Retrocausality is the idea that the chain of cause-and-effect can sometimes be reversed in time. From relativity to quantum physics to parapsychology, retrocausal phenomena have long been theorised but have never yet stood the test of, er, time. But now, that is beginning to change. The weird and baffling consequences of quantum mechanics are such an awkward fact of life that in desperation to explain them, some physicists have been revisiting the idea of retrocausality. It helps to explain a lot of quantum puzzles which are hard to explain any other way. On the other hand, it can also open the way to major paradoxes of its own.

Thermodynamics and retrocausality

Thermodynamics, which describes the flow of heat and energy, was the first of the three modern pillars of physics to be established. As such it is a "classical" or macroscopic theory whose foundational ideas are drawn from the old world view of Galileo and Newton. One of its unspoken assumptions is that causality, the flow of cause-and-effect, by definition moves forwards in time: it is by observing which event happens at the earlier time that we define the cause and the later event is defined as the effect. This mindset is enshrined in the Second Law of Thermodynamics where disorder, or entropy, always increases as time passes.

Retrocausality flatly contradicts the unspoken assumption about cause-and-effect in time and as such must, at a classical level, violate the Second Law. But is the assumption actually valid? Is the Second Law a wholly universal one? As the next two pillars, relativity and quantum mechanics emerged, they began bending and sometimes even breaking the old classical ideas. A new science of quantum thermodynamics is only now beginning to emerge and, as one might expect, is showing signs of surprises in store.[1]

Relativistic retrocausality

The first modern scientific discussion of retrocausality came in the wake of Einstein's theory of relativity. Although the relativistic nature of time could lead different observers to see events happening in a different order, such events could not be causally connected. However it was soon realised that an object travelling faster than light would appear to be moving backwards in time, and Einstein's equations did not explicitly forbid this. Hence the classic limerick from 1923;

There was a young lady named Bright
Whose speed was far faster than light;
She went out one day
In a relative way
And returned on the previous night.

Since relativity sets the speed of light as an absolute limit, at first such speculation seemed a bit nonsensical. Later it was realised that relativity also allowed faster-than-light objects whose lowest speed limit was that of light. Such "tachyon" particles behave just like the good Miss Bright of the limerick. But there is not the slightest evidence that such particles actually exist.

Perhaps the most notorious retrocausal phenomenon in physics is the idea of time travel, with its paradoxes such as Miss Bright's, or going back to kill your own mother before you were born.

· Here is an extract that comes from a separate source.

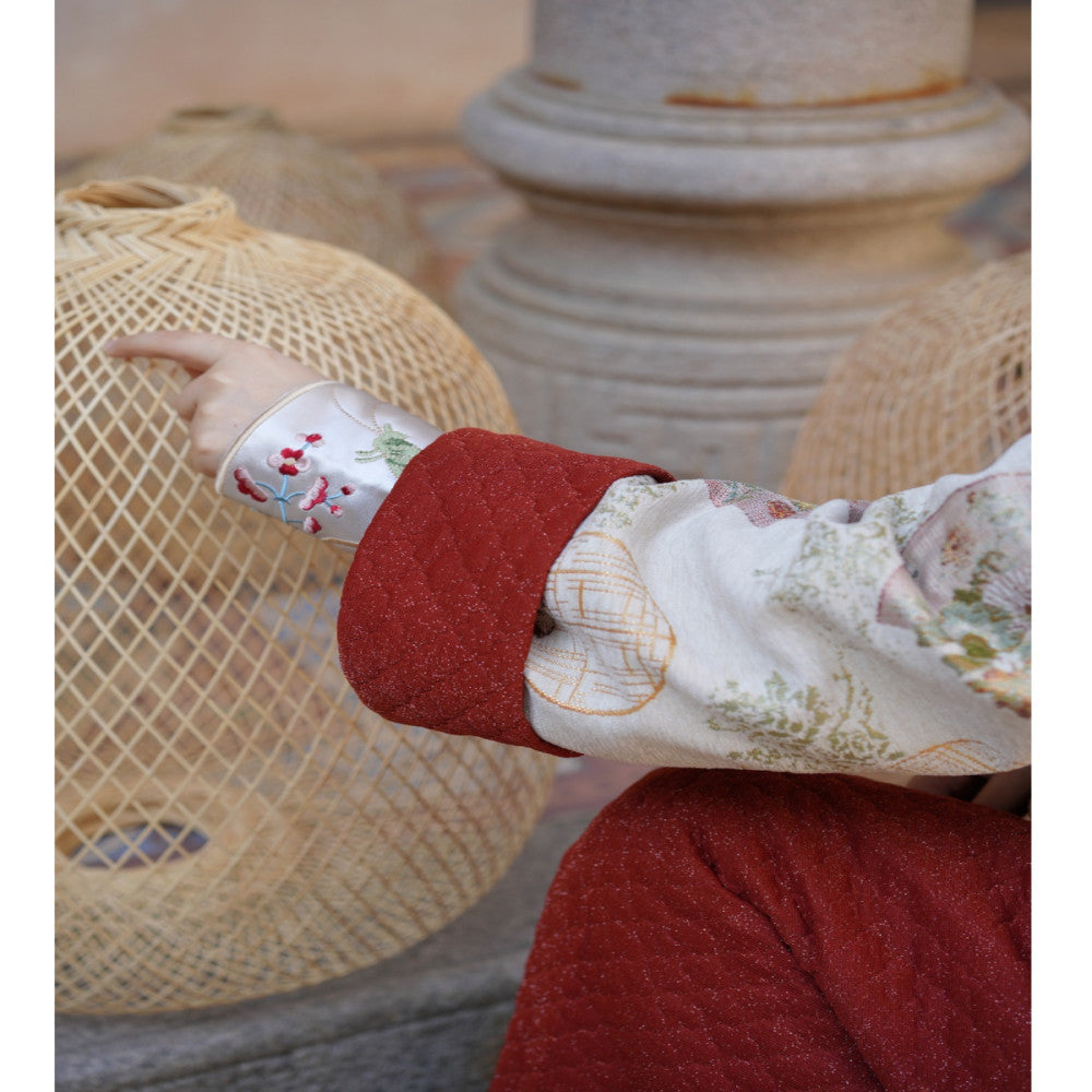 | Color classification | New Fish Tail Half Skirt Edition Red Embroidered Cuffs Bottom Knitted Puff Pinched Half Skirt Snow Neil Plush Cotton Jacket |

A wormhole in spacetime, creating a closed timelike loop along which the matricidal maniac might travel at a more leisurely speed, is consistent with relativity theory. However the creation of such a wormhole requires an assortment of highly speculative things such as dark energy and dark matter, and such gargantuan quantities of them, that Stephen Hawking suggested a kind of cosmic censorship in which the laws of physics do not allow such things to exist.Moreover, even if such a thing could be created, there are reasons to believe that getting onto the timelike loop and one end, and off at the other, might prove impossible.

Quantum retrocausality

Retrocausality first appeared in quantum physics when Paul Dirac proposed the existence of an anti-particle to the electron, the positron, and realised that it could be understood as an electron travelling backwards in time. An embellishment to this was the idea, discussed by John Wheeler and Richard Feynman, that there was in fact only a single electron-positron, which bounced to and fro in time so it looked like a huge number of particles. But they could not explain why the positron is much less common, so they dropped the idea. We nowadays accept it as a different kind of particle, moving forwards in time.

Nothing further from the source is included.